§ TASK DETAILS
The lines below, from the first through the one containing "Produktion wichtig sind.", are to be given again exactly, with pictures left out and nothing added.

§ MATERIAL PROVIDED
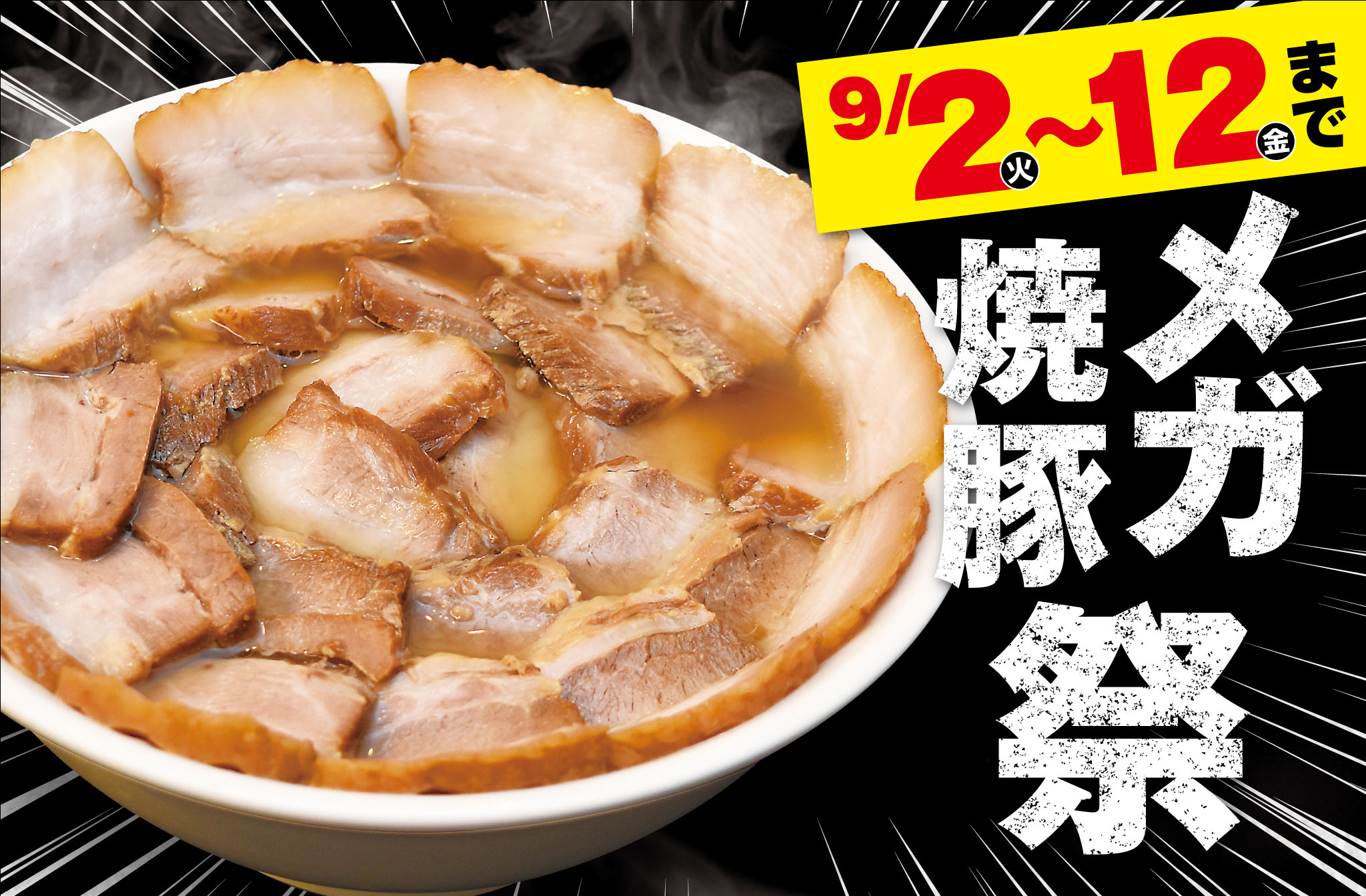 『メガ焼豚祭』2025年9月2日(火)~9月12日(金)開催 『メガ焼豚祭』の期間中、看板商品の「焼豚ラーメン」の焼豚をほぼ2倍の、23枚も豪快に盛り付けた「メガ焼豚ラーメン」が特別価格でお楽しみ頂けます。圧倒的なボリュ
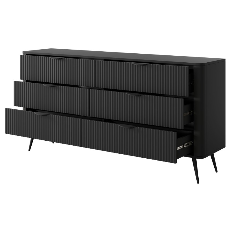 Komoda LANTANA 163 cm do Salonu Sypialni 6 Szuflad Czarny
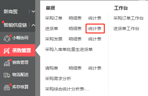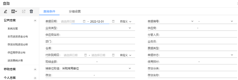 打开【采购管理】-【进货单统计表】的查询条件设置界面
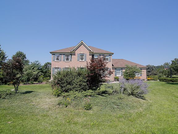 Escape to Peace and Quiet! Well-maintained 4 bedroom 2.5 bath Colonial with large foyer, double closets, ceramic tile flooring. Formal dining and living rooms. Super-efficient kitchen with lots of counter and storage space connects to the breakfast area and family room. Open concept floor plan so everyone can enjoy their space and yet be together. 1st floor laundry off the kitchen makes it easy to multi-task! 2nd floor offers 4 spacious BRs with large closets. Master suite includes sitting area and a Jacuzzi tub and shower in MBA. Finished basement with storage galore, cast-iron propane fireplace, custom-built bar for entertaining or move the party outside to the great deck with gas grill! Oversized 2-car side entrance garage and a huge custom-built storage shed. Yards of yard with landscaping that is easy to maintain, mature trees in a neighborhood with 1+ acre lots. Enjoy the privacy and tranquil country feel of this lovely neighborhood. Convenient to shopping, highways, downtown.
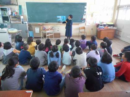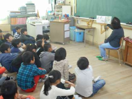 今日、4年生はお話会がありました。教室内にろうそくの火をつけて、お話の世界へ引き込むような雰囲気づくりをしてくださり、とても楽しい時間を過ごすことができました。内容は「あいつとぼく」・「つきよのかいじゅう」・「へやの起こり」・「ゴリオとヒメちゃん」でした。
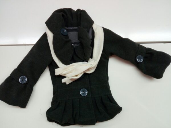 CAPPOTTINO BIMBA CON BOTTONE SULLA MANICA + SCIARPA PANNA.
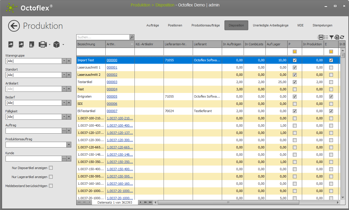 Die "Disposition"-Übersicht in der Produktion zeigt eine speziell auf die Produktion zugeschnittene Sicht auf die Dispositionsartikel. Hier sind Spalten, Filtermöglichkeiten und Funktionen abgebildet, die für die Disposition in der Produktion wichtig sind.
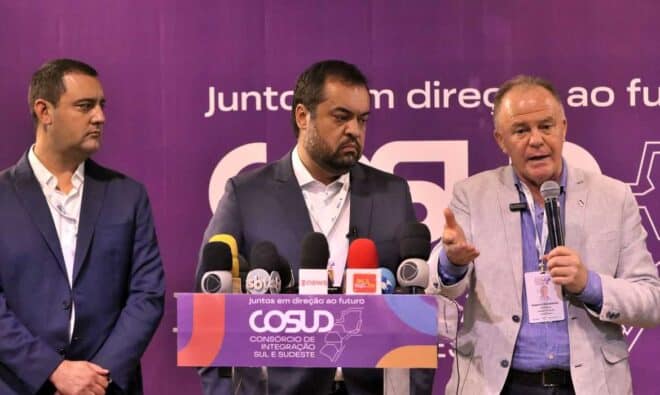 “Temos agora o desafio de tornar o Cosud [Consórcio de Integração Sul e Sudeste] algo regulamentado. Estamos pensando em uma estrutura física que faça com que esses trabalhos avancem. Vários estados já têm experiências de compras em conjunto. Na época da vacina, a gente partilhou muito fornecedores de insumos e a questão logística”, recordou.
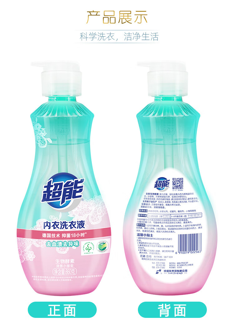 超能 长效抑菌 860g/瓶 长效抑菌内衣专用 粉绿色(单位:瓶)

§ ANSWER SPACE
 『メガ焼豚祭』2025年9月2日(火)~9月12日(金)開催 『メガ焼豚祭』の期間中、看板商品の「焼豚ラーメン」の焼豚をほぼ2倍の、23枚も豪快に盛り付けた「メガ焼豚ラーメン」が特別価格でお楽しみ頂けます。圧倒的なボリュ
 Komoda LANTANA 163 cm do Salonu Sypialni 6 Szuflad Czarny
 打开【采购管理】-【进货单统计表】的查询条件设置界面
 Escape to Peace and Quiet! Well-maintained 4 bedroom 2.5 bath Colonial with large foyer, double closets, ceramic tile flooring. Formal dining and living rooms. Super-efficient kitchen with lots of counter and storage space connects to the breakfast area and family room. Open concept floor plan so everyone can enjoy their space and yet be together. 1st floor laundry off the kitchen makes it easy to multi-task! 2nd floor offers 4 spacious BRs with large closets. Master suite includes sitting area and a Jacuzzi tub and shower in MBA. Finished basement with storage galore, cast-iron propane fireplace, custom-built bar for entertaining or move the party outside to the great deck with gas grill! Oversized 2-car side entrance garage and a huge custom-built storage shed. Yards of yard with landscaping that is easy to maintain, mature trees in a neighborhood with 1+ acre lots. Enjoy the privacy and tranquil country feel of this lovely neighborhood. Convenient to shopping, highways, downtown.
 今日、4年生はお話会がありました。教室内にろうそくの火をつけて、お話の世界へ引き込むような雰囲気づくりをしてくださり、とても楽しい時間を過ごすことができました。内容は「あいつとぼく」・「つきよのかいじゅう」・「へやの起こり」・「ゴリオとヒメちゃん」でした。
 CAPPOTTINO BIMBA CON BOTTONE SULLA MANICA + SCIARPA PANNA.
 Die "Disposition"-Übersicht in der Produktion zeigt eine speziell auf die Produktion zugeschnittene Sicht auf die Dispositionsartikel. Hier sind Spalten, Filtermöglichkeiten und Funktionen abgebildet, die für die Disposition in der Produktion wichtig sind.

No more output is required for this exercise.